She went about it the same way that I watched Marie Kondo do it with families on her program. She actually took EVERYTHING out of my closet and piled it on the bed. Shoes went over in piles with handbags and belts. She had me sit down and pick up each item one at a time and put it in one of three piles. I had to decide if it still brought me joy. Was there a spark when I looked at it and felt it? If not, I had to say, "So long!" If it was still nice, it went in the pile for donations. If not nice enough to donate, it went in the pile of throw outs. Otherwise, she took it and put it on a hanger neatly and placed it back in the closet.
Sorting out sleeveless tops, short sleeve tops, 3/4 tops and long sleeve tops, to jackets, slacks, skirts and dresses. I might add that she had it arranged by colors also. (Just a touch of OCD, you think?) I thought that we would never finish but actually it was not as bad as I thought. Until I came back and she had all of my shoes out in the Master Bathroom Suite. They literally took up the whole room and not to brag but we have a very large bathroom suite.

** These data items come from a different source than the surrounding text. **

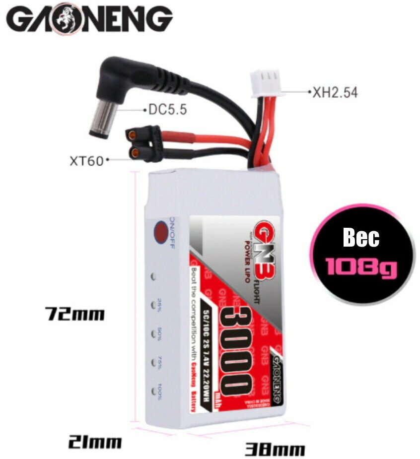 Отзывы на Аккумулятор Gaoneng GNB 3000 мАч 2S 7,4 В 5C литий-полимерный XT60 разъем для очков FPV Скайзон, Фатшарк, Dji googles
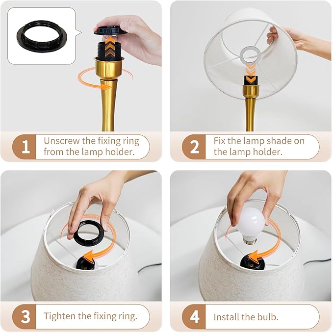 ONEWISH Touch Table Lamp for Bedroom, 3-Way Dimmable Gold Bedside Lamps for Nightstand with Fabric Shade, Desk Lamp for Kids Reading, Home Office
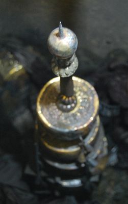 塔剎露出來(lái)后,曾主持過(guò)雷峰塔地宮考古的專家黎毓馨說(shuō),這是一個(gè)銀鎏金的七寶阿育王塔。但南京的工藝美術(shù)大師王殿祥提出了質(zhì)疑,他認(rèn)為這尊鎏金塔王是銅鎏金,而不是銀鎏金。奚三彩說(shuō),這尊塔表面鎏了金是肯定沒(méi)問(wèn)題的,但里面是銅的還是銀的,目前還不能肯定,要等它完全被取出來(lái)以后,拿到科學(xué)儀器上檢驗(yàn)一下才知道。
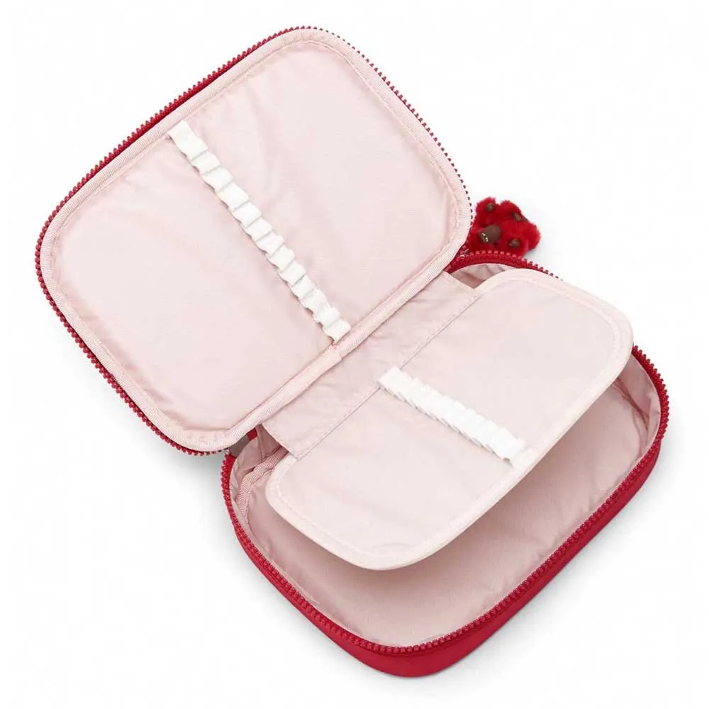 Organize seus itens essenciais com estilo com o Estojo Kipling 100 Pens. Sua capacidade impressionante comporta até 100 canetas, lápis ou marcadores, mantendo você preparado para qualquer tarefa criativa. Feito do nylon amassado resistente à água característico da Kipling, este estojo durável protege seus objetos de valor contra derramamentos e impactos. A ampla abertura com zíper oferece fácil acesso a um interior totalmente forrado com um prático bolso deslizante. Versátil o suficiente para materiais de arte, maquiagem ou acessórios tecnológicos, e finalizado com o icônico chaveiro de macaco da Kipling, é o companheiro perfeito para estudantes e artistas em movimento
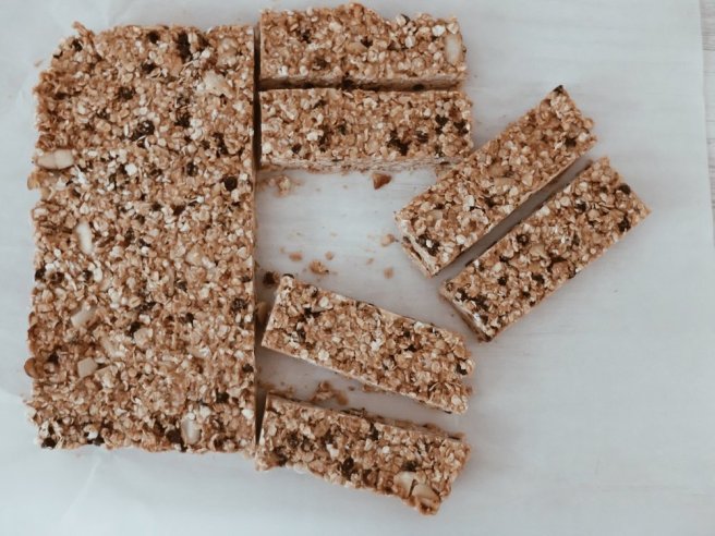 Place in the freezer for 45min to an hour, or until it is firm. Lift the parchment paper out of the pan with the granola. Cut the big square in half, then cut each half into 6 rectangles.
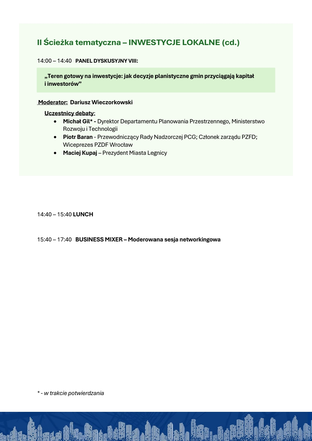 Wydarzenie to, realizowane pod patronatem Ministerstwa Rozwoju i Technologii, planowane jest jako ogólnopolskie forum inwestycyjne z udziałem przedstawicieli administracji publicznej, samorządowej, biznesu, instytucji finansowych oraz uznanych ekspertów.
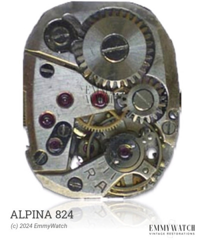 The Alpina 824 watch movement is a manual wind movement with a sweep second function. It features a bimetallic screw balance and belongs to a group of movements that include the 88, 89, 136, 138, 285, and 327, although the specific differences between them are not known. The Alpina 824 movement is estimated to have been in use around 1935.
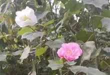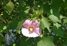 木芙蓉,锦葵科木槿属落叶灌木或小乔木。小枝上有细绒毛;叶片为卵状心形,托叶为披针形,常早落;花单生,花萼为钟形,花冠初为白色或淡红色,后逐渐变为深红色;果实为扁球形,有淡黄色的毛附着。花期8到10月。…全部>>
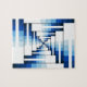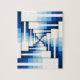 Design graphique textuel comportant sept couches géométriques successives dans les tons bleus.

My granddaughter, who was 4 at the time, came back and said to me, "Lola, you have a shoe store! Momma, can I have this many shoes, too?" Okay, so I had a lot of shoes. I admit that. I love shoes and handbags. I was told to sit down and try each pair on if they brought me joy. The extra component here was they had to fit comfortably for them to stay in my closet. Basically, I almost understood what she was saying. If they brought me joy and I could not wear them, then why do I have them? We sorted by sandals, flats, different heel heights, and of course her color fixation was still going strong with the shoes, just as the clothing.
Yes, you really can!
Now, this same closet has the beginnings of looking like it did when my daughter straightened me out before. I did not have the heart to get her that involved again. I knew what had to be done. EXCEPT, with writing my book, and it being only me and no helper, I am doing it my own way. This does go against how Marie Kondo suggests, but it works for me. I am slowly working my way through the mess. I am actually trying on the piece of clothing if I think it sparks joy within me. Because, sometimes, once it is on my body, the spark fizzles out fast. I had to be honest with myself. Am I really going to wear it? Then it went to the throw away bag or the donation bag.

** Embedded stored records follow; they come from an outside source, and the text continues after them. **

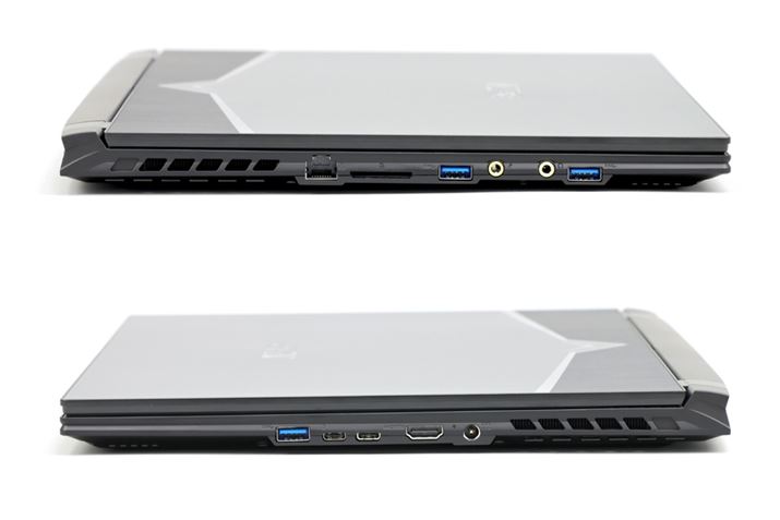 外部インターフェイスは両側面の中央から手前に配置されており、ケーブルの抜き差しがしやすい。左側面にUSB 3.1 (Gen1)ポート×2、SDメモリーカードスロット、ギガビットLANポート、ヘッドホン出力端子、マイク入力端子を、右側面にUSB 3.1 (Gen1)ポート、HDMI2.0、DisplayPort 1.4兼USB 3.1 (USB Type-C)、Thunderbolt 3(USB Type-C)を装備
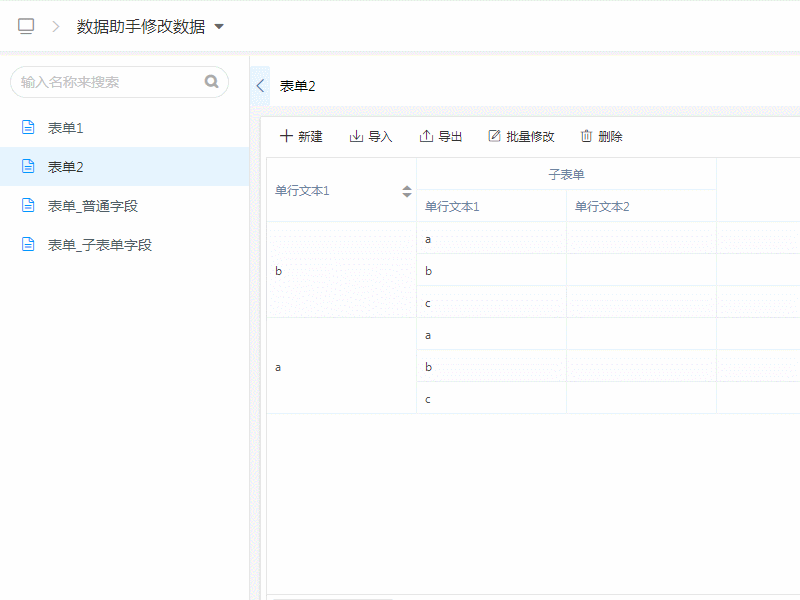| 子表字段 | 子表单内的字段 |
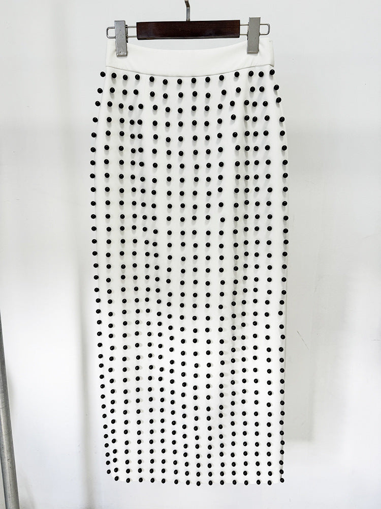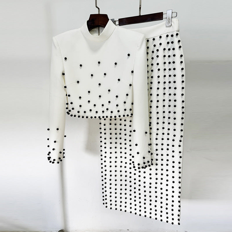 ملفت للنظر ومنظم، هذا الزي المكون من قطعتين طقم يمزج بين التفصيل الحاد والزينة الحديثة. يتميز الجزء العلوي الأبيض النقي بوسادات كتف مبالغ فيها وياقة عالية للحصول على صورة ظلية قوية، بينما التنورة العمودية ذات الخصر العالي المتطابقة مزينة بمسامير سوداء موضوعة بعناية لخلق تأثير أنيق ومطول. أنيق بحافة مستقبلية، هذا المظهر مثالي للأمسيات العصرية، أو لحظات المدرج، أو المناسبات اللافتة للنظر.
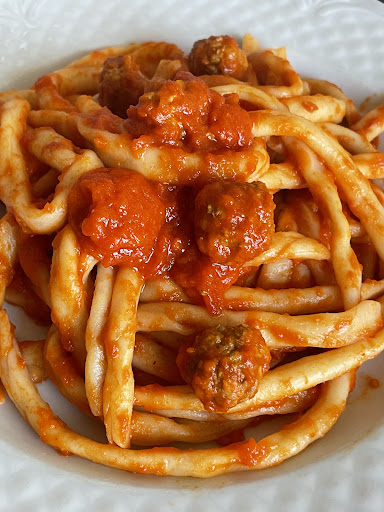 Read moreDi passaggio per andare a Tropea, a due minuti dall’uscita dell’autostrada, 41 gradi alle 14, chiamiamo per sapere se si può pranzare. “Venite, vi aspettiamo!” . Iniziamo bene e continuiamo meglio: cordialità, una trattoria senza troppe ambizioni, abbastanza fresca nonostante la temperatura esterna. Ordiniamo e in 15 minuti arrivano i piatti che posto in foto. Tutto buono, dai fusilli al caciocavallo arrostito. Pezzo forte? Le polpettone fritte e l’immancabile peperoncino...
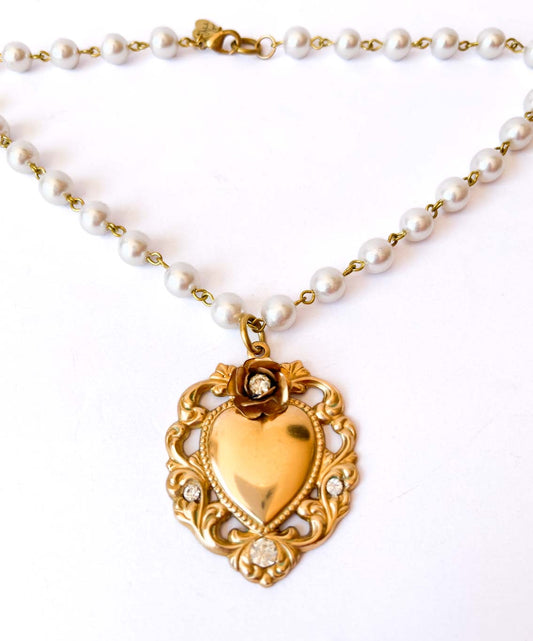 Collar Pasionaria - Colgante de Perlas y Corazón Barroco
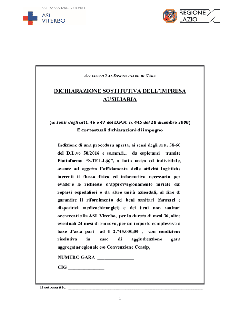 Ottieni il gratuito Dichiarazione Sostitutiva Dell’impresa Ausiliaria
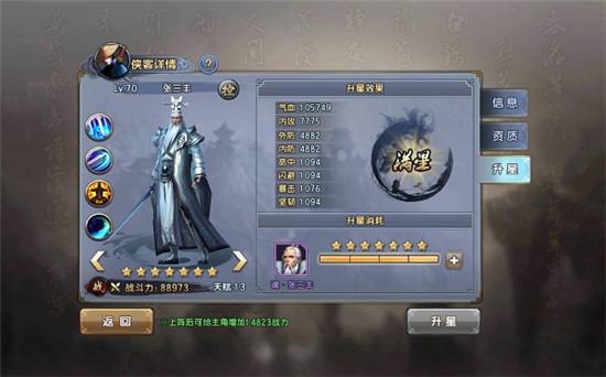 当玩家已经获得某一侠客的时候,后续再获得相同侠客将自动转换成该侠客的魂,魂是侠客升星的主要道具,满足系统要求的个数即可对侠客进行升星,升星之后侠客的战斗力会得到大幅加强
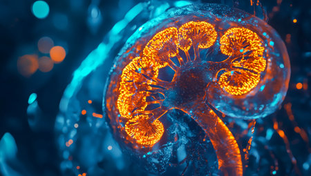 Glowing 3D kidney visual in clinical precision, surrounded by shadows
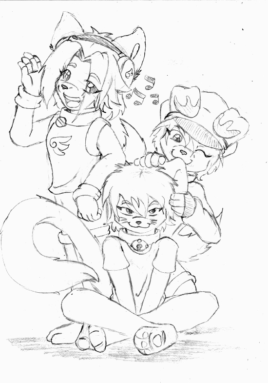 My characters: Fluco (dog-left), Ibu (cat-middle) and Shofu (dog-right)
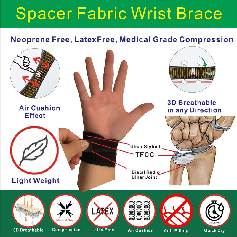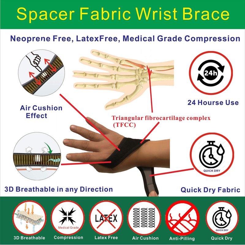 IRUFA,WR-OS-17,3D Breathable Spacer Fabric Wrist Brace, for TFCC Tear- Triangular Fibrocartilage Complex Injuries, Ulnar Sided Wrist Pain, Weight Bearing Strain, One PCS (Spacer Fabric)
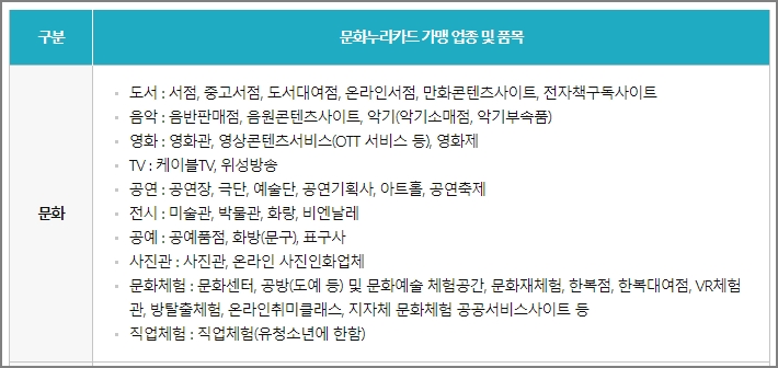 오늘은 삶의 질 향상과 문화격차 완화를 위해 기초생활수급자, 차상위계층을 대상으로 문화예술, 국내여행, 체육활동을 지원하는 문화누리카드의 사용처에 대해서 살펴보았습니다. 문화누리카드 사용에 참고하세요.
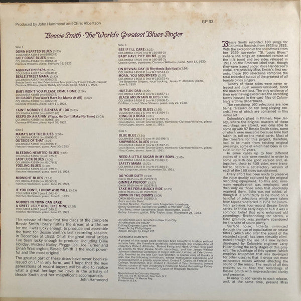 This is an auto-coupled release; Record 1 comprises sides A and D; Record 2 comprises sides B and C. In addition to the master catalog number, each disc has its own unique catalog number printed below the master number on the label. This is the first of five two-record sets. This contains the first 16 and last 16 of her recordings. Issued in gatefold sleeve with booklet. Santa Maria pressing, indicated by S scratched into the runout groove All selections were recorded in New York City.

Just so you know, I am getting about 5 - 7 outfits tried on each morning as I dress. So far I have 5 bags that have gone to a donation site. There will be more. I have some clothes upstairs also and when I go up, I take a few that I know do not spark joy and I have a bag already upstairs for them. The others, I bring down to try on or hang up as the case may be. This includes drawers of sweaters, tanks, sweatshirts and bathing suits.
Never, ever did I think that I could fold the Marie Kondo method. One of our sons folds this way and one of our daughters does it the very same way. That was not a learned lesson from me. I am admittingly ashamed of my folding compared to theirs. Then, on one of the 'Tidying Up' programs, Marie showed a mother and a father who said there is no way they or their children could do that. She then brought in her own three year old to prove them all wrong. Her daughter folded a shirt as if it belonged on a shelf in a store.
That is when I knew that I had to get with the program. My plans are to do the whole house. I can't begin to tell you how it makes me feel. Even in my office, I am working on the bookshelves and decluttering, along with drawers in the kitchen reorganized and it feels so much better.
In our bedroom, I have decluttered my nightstand, the tops of two chest of drawers and have worked my way through 7 drawers. Of all the things that we have, I believe that we need to declutter our books. I plan on doing this by starting with my books and my books alone. Steve has many 1st edition books that are valuable. Then he has books that bring him joy to re-read. He must be the one to take that on. Actually, if I manage to get as many as I am thinking that will be going to the Library for a donation just from my piles, it will give him more space.
As Marie says, "I can think of no greater happiness than to be surrounded only by the things I love." I can feel the love already and I have only just begun.